When the Constitution was being made there were several leaders who wished the responsibility for treaty-making to rest solely upon the Executive according to the practice of nearly all other countries, In this country, of course, the Executive was solely responsible till very recent years. We take it that never again in this country will a treaty come into force unless it has been ratified by Parliament and then registered by the League of Nations. Mr. Henderson not long ago said a surprising and risky thing when he laid it down that the ratification of the Anglo-Russian Treaty by Parliament meant only ratification by the House of Commons. " Parliament " certainly does not mean only the House of Commons. In any case, there has been an extraordinary change. Mr. Gladstone would have been shocked by the suggestion that treaty-making did not belong in all its stages exclusively to the Executive. Alexander Hamilton, a Tory though a rebel, was notable among those who wished the American Executive alone to have the responsibility. But most of those who hammered out the Constitution mistrusted a very powerful Executive for the simple reason that !George III's Executive had left them with a great mistrust of Executives in general.

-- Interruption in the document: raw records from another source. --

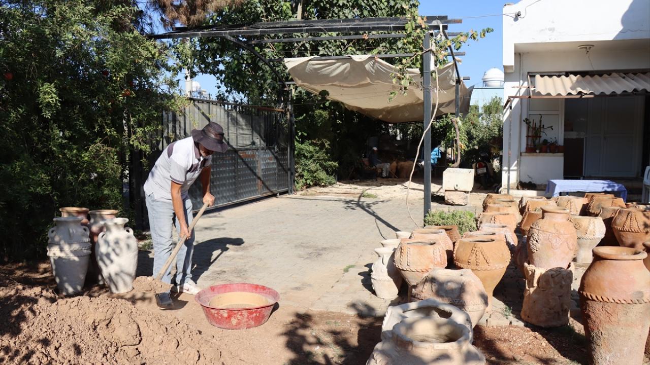 İlerleyen yaşına rağmen maharetli elleriyle çamuru sanata dönüştüren Cuma Aran, oğluyla mahallede çıkardıkları kırmızı ve killi toprağı atölyenin bulunduğu bahçeye taşıdıklarını, burada leğenlerin içerisinde suyla karıştırarak oluşturdukları çamuru bir gün beklettiklerini anlattı.
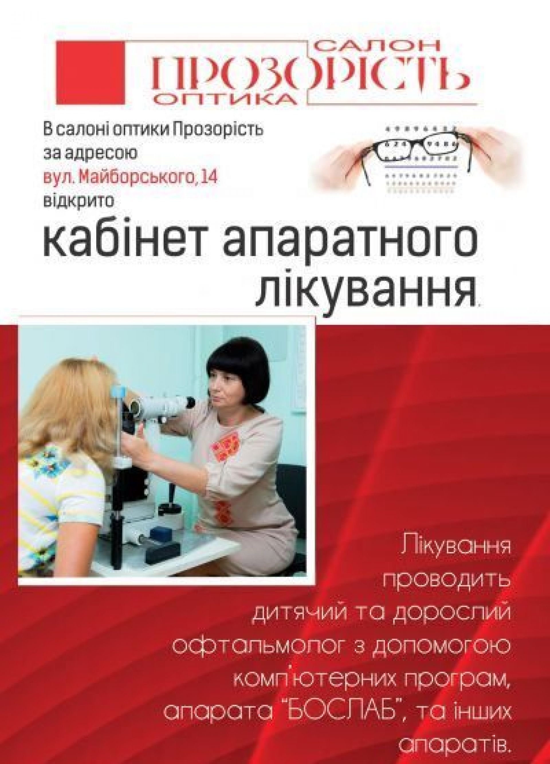 У салоні-оптика «Прозорість» за адресою вул. Майборського, 14 працює обладнаний спеціалізований кабінет апаратного лікування. Лікування відбувається за допомогою комп’ютерних програм, апарату «БОСЛАБ» та інших провідних апаратів. Записати дитину на прийом можна до дитячого офтальмолога лікаря вищої категорії Равчук Ірини Миколаївни. Вона займається лікуванням таких хвороб, як рефракційна патологія (короткозорість, далекозорість, астигматизм), косоокість та амбліопія.
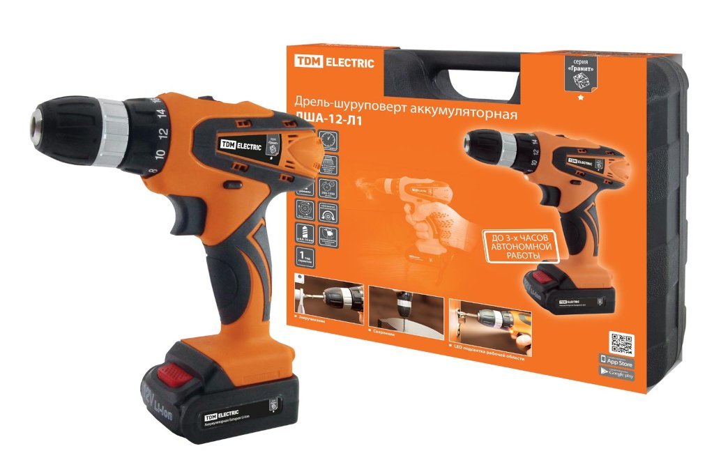 ДША-12-Л1 12В, 1,3А*ч Li-Ion, 22Нм, 0-1350 об/мин, кейс "Гранит" TDM (SQ1030-0201)
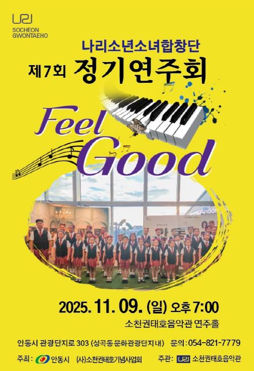 [뉴스다컴] (사)소천권태호선생기념사업회가 주최․주관하는 ‘제7회 나리소년소녀합창단 정기연주회’가 11월 9일 오후 7시, 소천권태호음악관 실내 연주홀에서 개최된다.
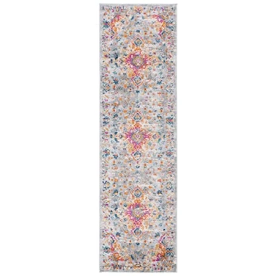 Safavieh Boho Rug for Living Room, Dining Bedroom, Madison Collection, Short Pile, in Grey and Fuchsia, 69 x 244 cm
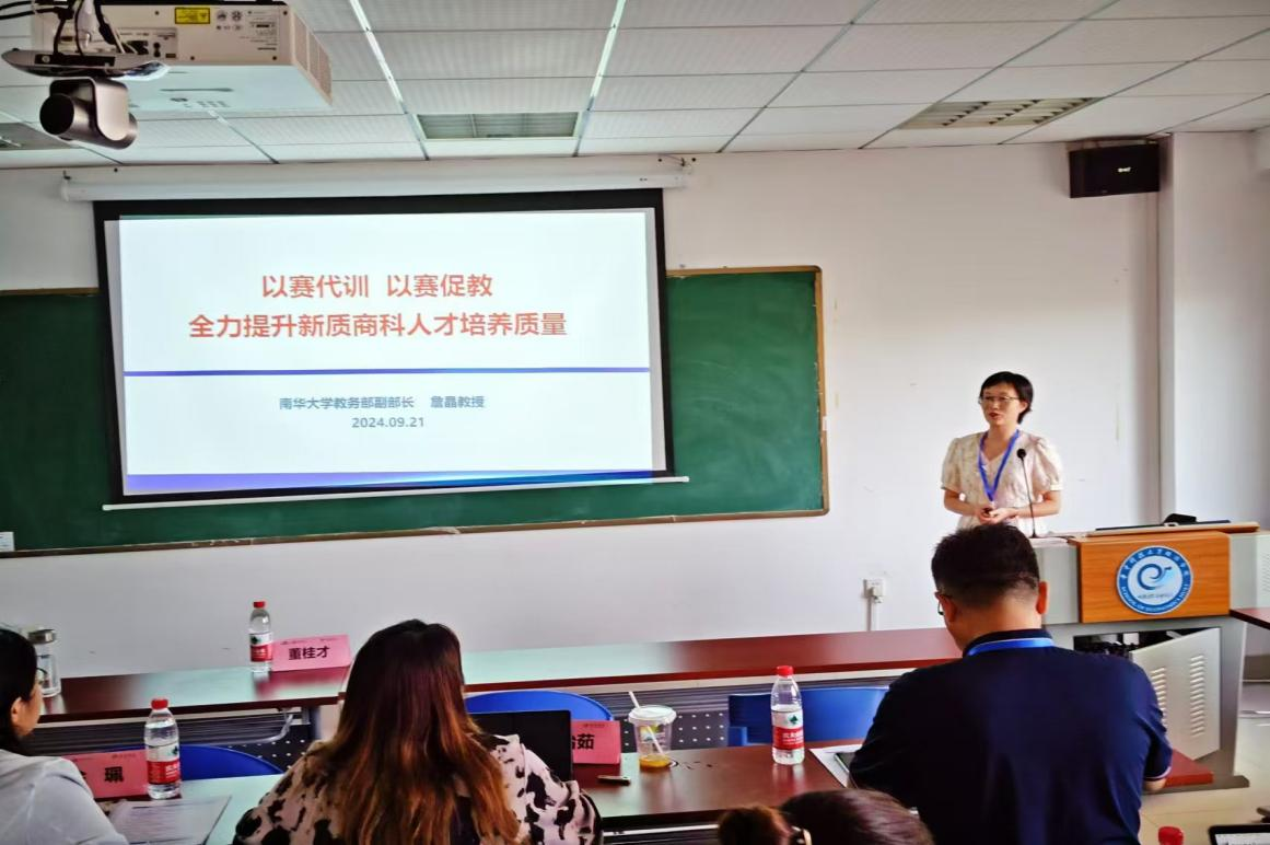 詹晶教授以《以赛代训,以赛促教-全力提升新质商科人才培养质量》为题展开演讲。她从参赛动员工作,参赛准备工作,困难与思考三个方面展开,提出了学校高度重视,鼓励教师培训,搭建师生交流平台,督促学生参加线上培训,学习其他大赛经验等多种提升新质商科人才培养质量的方法。最后,她从当下大赛举办的困难提出了几点建议,为解决当下大赛的困难提出了一些解决方案。
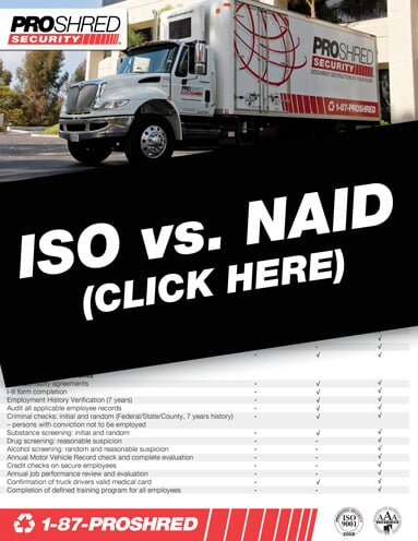 Proshred® is a secure on-site document shredding company. We are a certified member and meet the rigorous standards set forth by NAID (National Association of Information Destruction). This certification for quality management and customer satisfaction is the industry benchmark for excellence in performance and security.
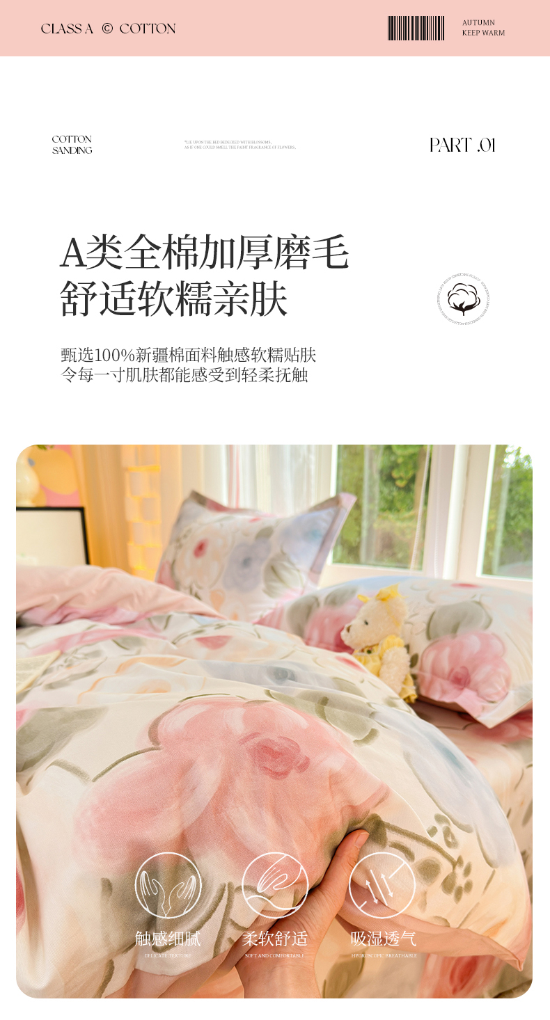 • 91家纺网 家纺一手货源 找家纺 拾物记 2025新款A类全棉纯棉加厚超柔磨毛单被套(提供买家秀质检报告和实验视频) 桃汐-粉
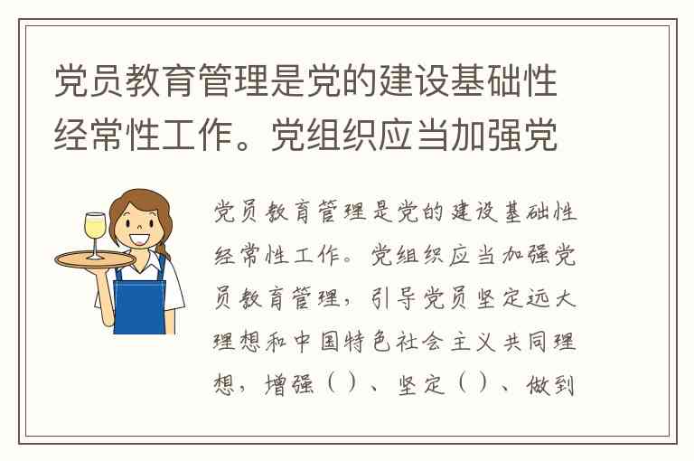 党组织应当加强党员教育管理,引导党员坚定共产主义远大理想和中国特色社会主义共同理想,增强“四个意识”、坚定“四个自信”、做到“两个维护”,这一表述源自《中国共产党党员教育管理工作条例》的明确规定,是新时代党员政治建设的核心要求。其中,“四个意识”即政治意识、大局意识、核心意识、看齐意识,要求党员始终在思想上政治上行动上同党中央保持高度一致;“四个自信”包括中国特色社会主义道路自信、理论自信、制度自信、文化自信,是坚定理想信念的根本依据;“两个维护”指坚决维护习近平总书记党中央的核心、全党的核心地位,坚决维护党中央权威和集中统一领导,是党的政治建设的首要任务。
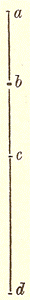 L’uso della lieva di sopra dichiarato poneva in una delle sue estremità il peso, e nell’altra la forza; ed il sostegno veniva collocato in qualche luogo tra le estremità. Ma possiamo servirci della lieva in un altro modo ancora, ponendo, come si vede nella presente figura, il sostegno nella estremità A, la forza nell’ altra estremità C, ed il peso D pendente da qualche punto di mezzo, come si vede nel punto B. Nel qual modo è chiara cosa, che se il peso pendesse da un punto egualmente distante dalli due estremi A, C, come dal punto F. la fatica di sostenerlo saria egualmente divisa tra li due punti A, C, sì che la metà del peso saria sentito dalla forza C, sendo l’altra metà sostenuta dal sostegno A; ma se il grave sarà appeso in altro luogo, come dal B, mostreremo la forza in C esser bastante a sostener il peso posto in B, tutta volta che ad esso abbia quella proporzione, che ha la distanza AB alla distanza AG.
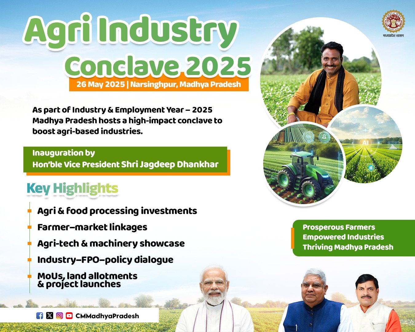 A grand three-day ‘Agri-Industry Conclave’, dedicated to innovation, technological advancement, and farmer welfare in the agriculture and horticulture sectors, will be held from May 26 to 28 near the Agricultural Produce Market in Narsinghpur.Vice President Shri Jagdeep Dhankhar will inaugurate the event.
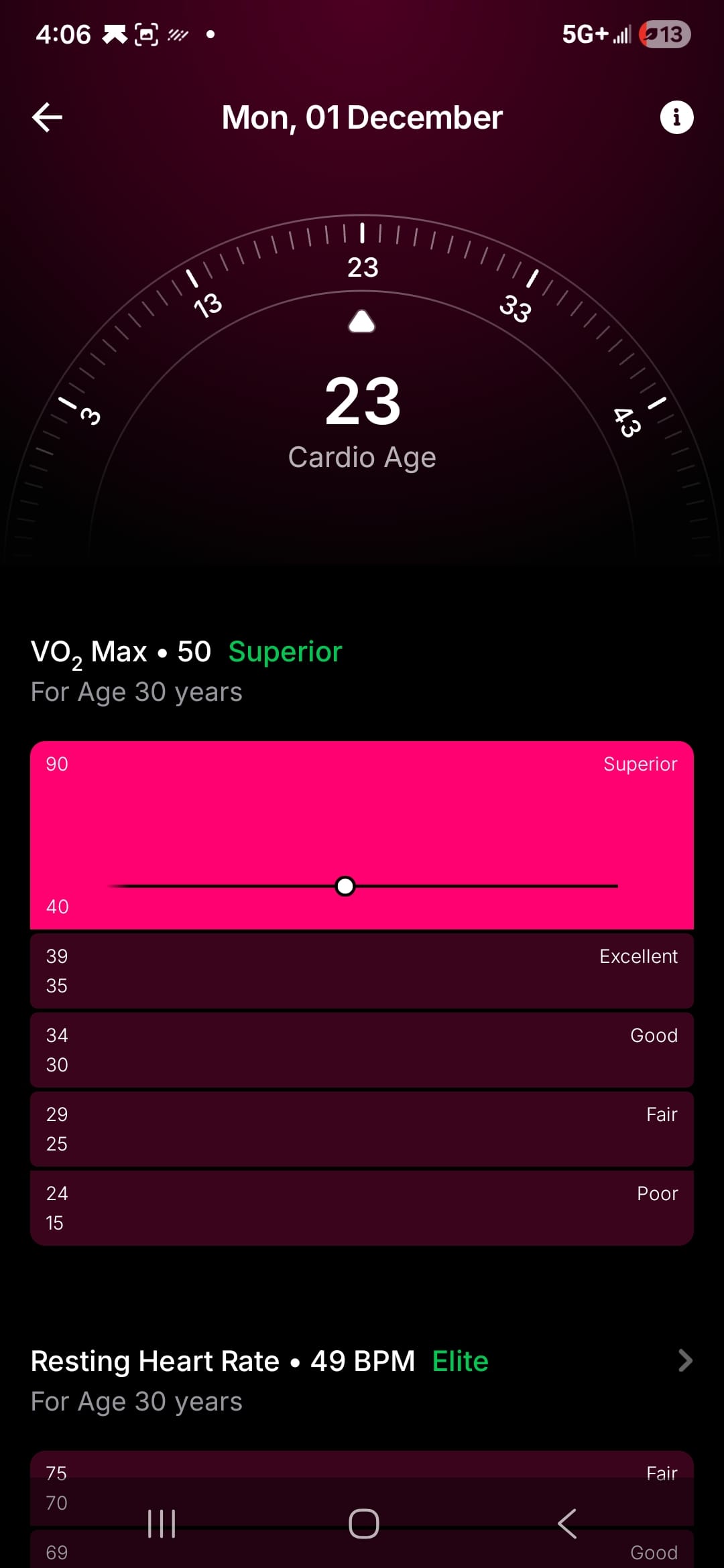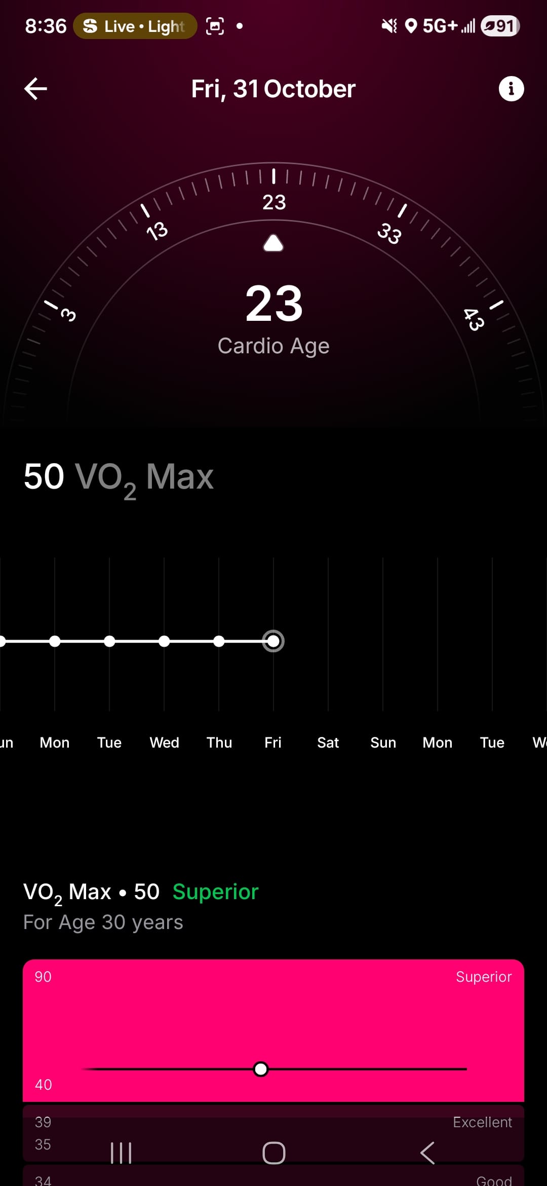 I also found the “Cardio Age” score to be particularly useful. This score tracks your VO2 max, resting heart rate, and heart rate variability to determine how efficient your heart works while exercising. The readouts are clear and show where you stand in relation to others in your age group, giving an age metric based on your heart’s performance. Maybe I like it because the cardio age it reads out to me is much lower than my actual age, which hopefully is a good indicator of cardiovascular health as I move into middle age.
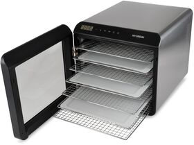 Сушильная камера в металлическом корпусе, с регулировкой температуры и таймером, для сушения овощей и фруктов, грибов и трав, а так же вяленья мяса и рыбы. Весь необходимый функционал, в удобном форм-факторе с сенсорным управлением.
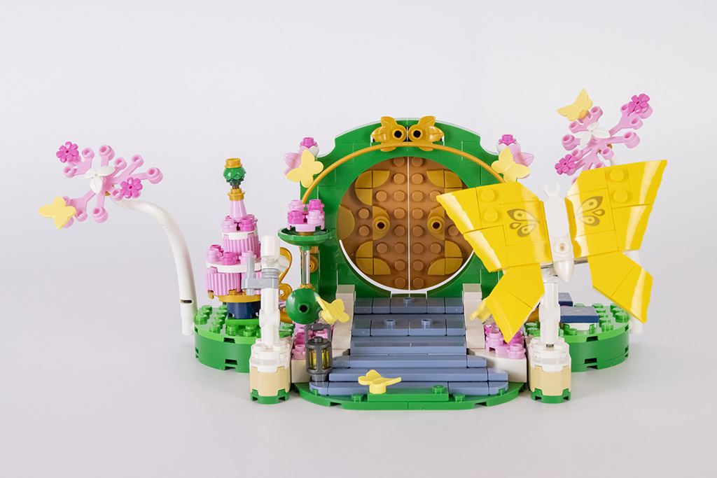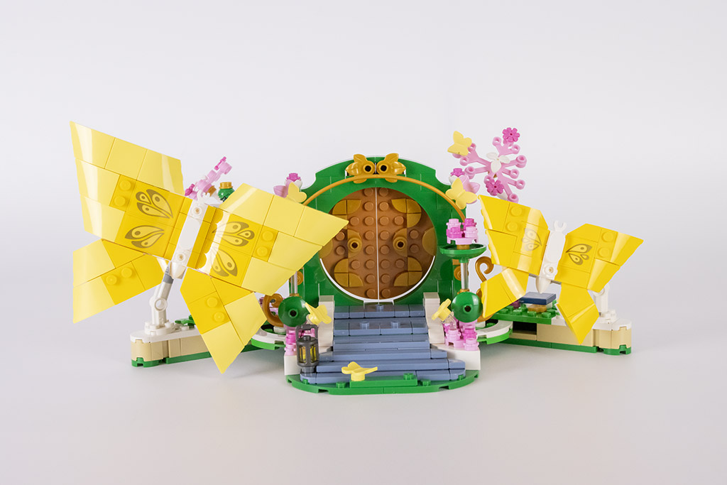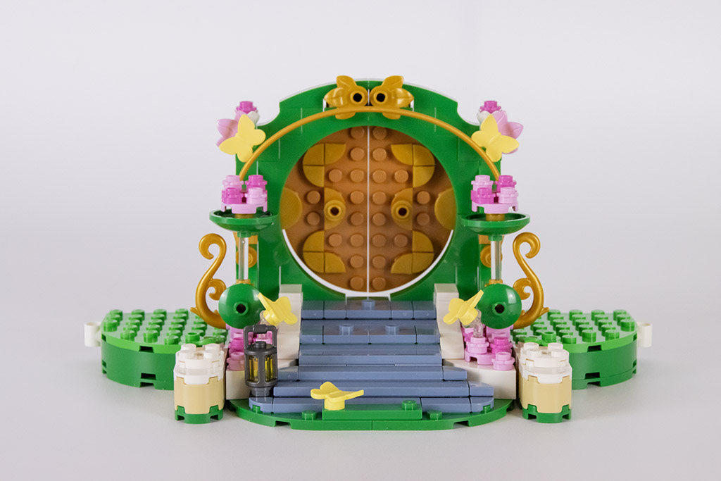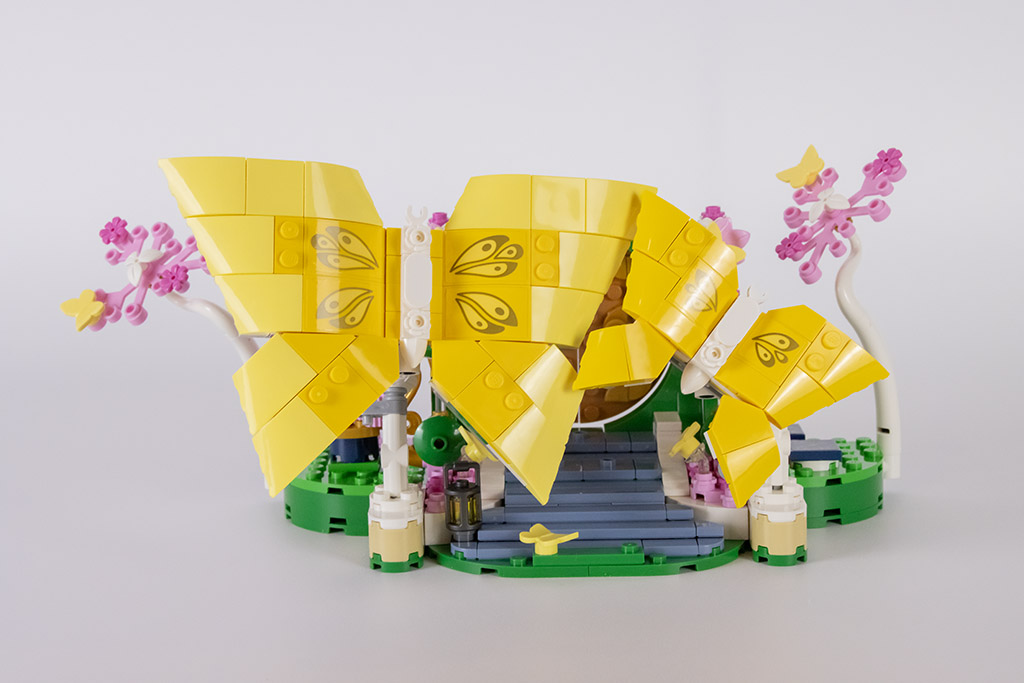 Wie schon gesagt – den Bezug zum Film kann ich nicht beurteilen. Meine ganz persönliche Meinung ist „was für ein Kitsch“! Tut mir leid, aber ich kann mit solchen klischeehaften Sets echt nichts anfangen. Und ja – das geht noch viel schlimmer (ich darf gar nicht an manche Friends oder Disney Princess Sets denken). Aber das fängt beim typisch weißen Hochzeitskleid an (was wohl der Filmvorlage entsprechen soll), geht über die rosa Blumen und die monströse Hochzeitstorte. Das ist nicht meins und ich würde mit sowas nicht spielen wollen (wollte es auch nie als Kind). Wenn ich aber in meinen neutralen Bewerter-Modus schalte, dann weiß ich die Bautechniken und Funktionen zu würdigen. Die Schmetterlinge sind technisch großartig umgesetzt. Das Tor ist gut gestaltet. Die Farben passen zu einander und ergänzen sich gut. Für die Bewertung nehme ich eine Mischung aus meiner persönlichen Meinung und meinem neutralen Modus.

In the end the President was given power to make treaties and to appoint Ambassadors with the advice and consent of the Senate. Treaties, but not appointments, were to require the consent of " two-thirds of the Senators present." The House of Representatives was specially prevented from sharing in these functions because it was held that the smaller body alone could be trusted to preserve the necessary secrecy. Secrecy ! Time has changed the face of diplomacy. The general demand for public diplomacy to-day is not understood, except by fanatics, to mean publicity in the delicate work of negotiation ; it would be impossible to imagine a more unprofitable method than that of allowing the rivals in negotiation to be egged on, or derided, by busy- bodies full of passion and ignorance. Publicity is justly

understood to mean that treaties before becoming operative shall receive the approval of the peoples concerned and that there shall be no such thing as a " secret treaty." The protests of some Americans, when the Constitution was being written, against allowing a minority to hold up a treaty were loud but unavailing, though they argued with special force that when the question of making peace was at stake it would be an outrage that a few Senators should be able to keep the nation at war.

From time to time Senators have claimed the right to share in negotiating a treaty as well as in vetoing it. This claim cannot strictly be justified by the Constitution, but in practice the Senate (by virtue of the powers which the Con- stitution does grant to it) can almost rewrite: a treaty. That is to say, it can force the President to alter a treaty by threatening to veto it if he does not. The Senate trans- formed the Mexican Purchase Treaty.

If you say to an American Senator, as the present writer has done, " The Constitution merely intended that the Senate should advise the President, and should have a final power of veto," he will probably reply : " The theory of advising the President while the Treaty was in the making notoriously broke down. Therefore our only means of doing anything in the matter is, under threat of rejection, to force the President to amend the treaty."

It has been said that in ratifying the Kellogg Pact without any reservations the Senate showed a change of heart. Dr. Fleming reminds us, however, that the Pact was a declaration which did not commit the United States to any definite action. If it had there might have been a different story. What is Dr. Fleming's own solution of all the difficulties ? He points out that the arguments of 1789 about secrecy no longer have any sense. It would be impossible, even if it were desirable, to cover the business of the large modern American Senate with a veil of secrecy. He thinks that it might be possible to take the veto away from the Senate and give it to the House of Representatives—a body less bound by legalism and more amenable to popular control. He suggests that if that change should be resisted it might be possible either to let a majority of both Houses decide or to make a bare majority of the Senate suffice.